(Task) Please write out the full listing beneath this line exactly, skipping its images.

(Provided data)
━━━━
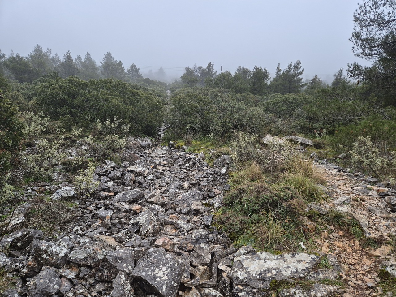 Se inainteaza pe pietroaie. Continuarea este fix in fata, printre tufisuri. A inceput deja sa ploua.
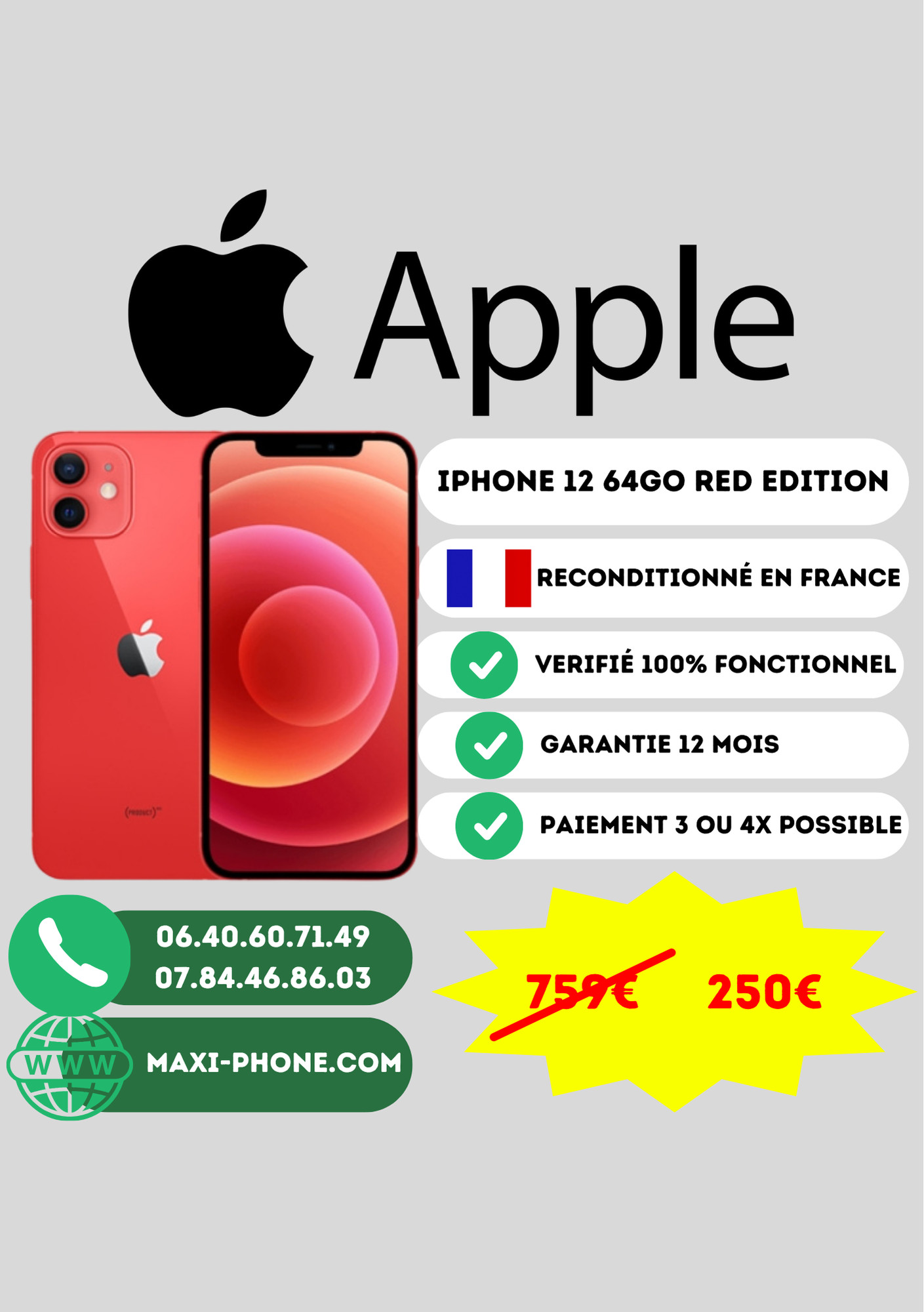 Iphone 12 64Go Rouge reconditionné en France par nos soins
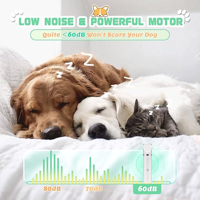 - 【Low Noise Design】The motor of the dog hair clipper has been treated with noise reduction, effectively controlling the working noise within 60 dB. There is no need to worry about the sound during the grooming process scaring the dog. The low-noise grooming environment helps to increase the efficiency of the trimming. That makes it ideal for sensitive and nervous dogs and cats. Our dog trimmer for face give your pets a safe, relaxing and excellent grooming experience!
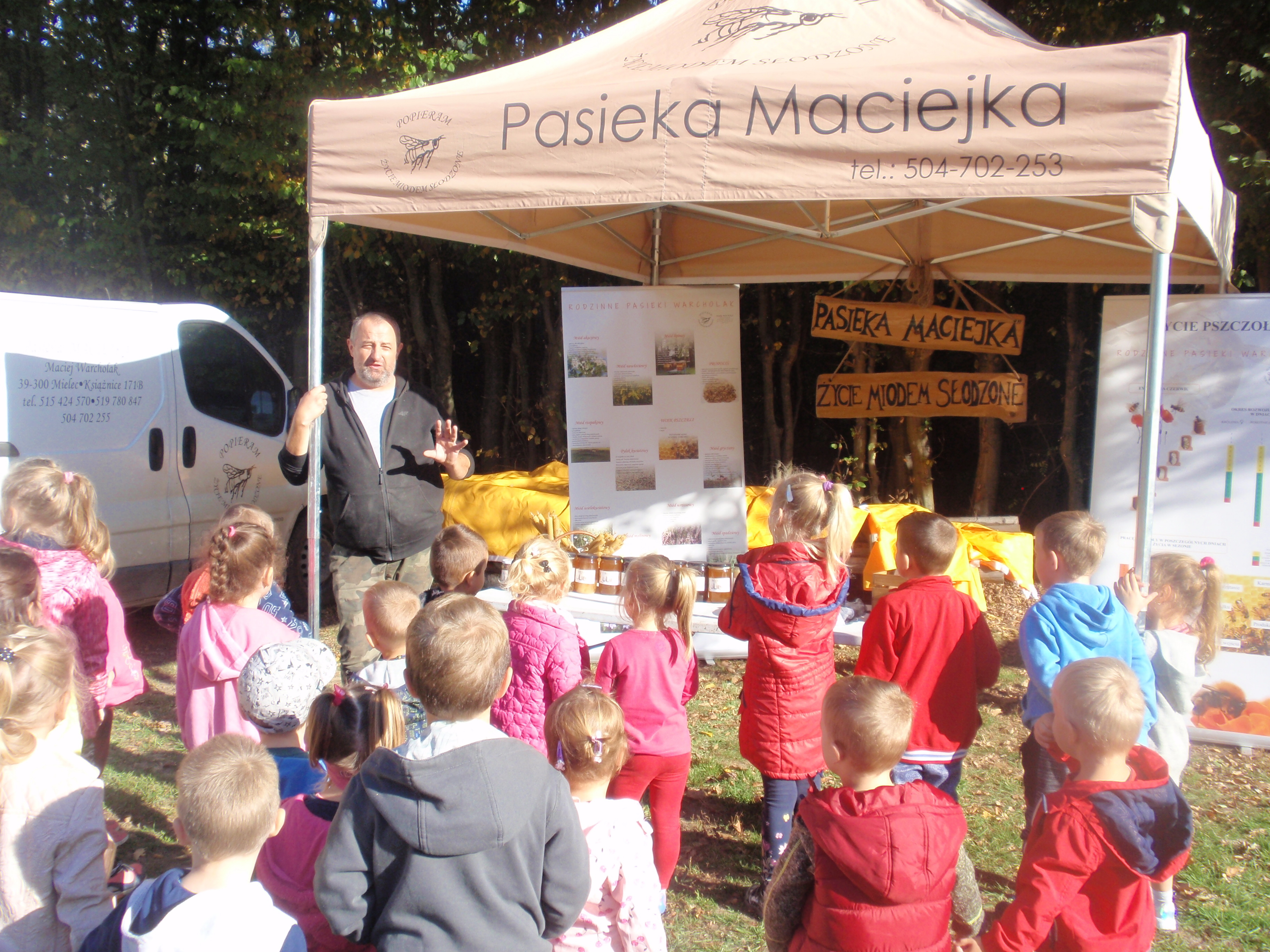 Maciej Warcholak [Pasieka Maciejka] przedstawił biologię pszczół, organizację pracy w ulu oraz poprowadził warsztaty pszczelarskie ze stałym elementem degustacji miodu.
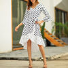 FREE SHIPPING Women Dresses V-Neck Collar polka Dot Ruffle Irregular Hem Long Dress Fashion elegant belt print party casual high-low dress JKP2507
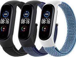 Amzpas Nylon Bands for Xiaomi Mi Band 5/ Mi Band 6, 3 Pack Soft Cloth Watch Straps for Amazfit Band 5/ Band 6, Adjustable Breathable Replacement Wristbands for Women Men
━━━━
(Answer box)
 Se inainteaza pe pietroaie. Continuarea este fix in fata, printre tufisuri. A inceput deja sa ploua.
 Iphone 12 64Go Rouge reconditionné en France par nos soins
 - 【Low Noise Design】The motor of the dog hair clipper has been treated with noise reduction, effectively controlling the working noise within 60 dB. There is no need to worry about the sound during the grooming process scaring the dog. The low-noise grooming environment helps to increase the efficiency of the trimming. That makes it ideal for sensitive and nervous dogs and cats. Our dog trimmer for face give your pets a safe, relaxing and excellent grooming experience!
 Maciej Warcholak [Pasieka Maciejka] przedstawił biologię pszczół, organizację pracy w ulu oraz poprowadził warsztaty pszczelarskie ze stałym elementem degustacji miodu.
 FREE SHIPPING Women Dresses V-Neck Collar polka Dot Ruffle Irregular Hem Long Dress Fashion elegant belt print party casual high-low dress JKP2507
 Amzpas Nylon Bands for Xiaomi Mi Band 5/ Mi Band 6, 3 Pack Soft Cloth Watch Straps for Amazfit Band 5/ Band 6, Adjustable Breathable Replacement Wristbands for Women Men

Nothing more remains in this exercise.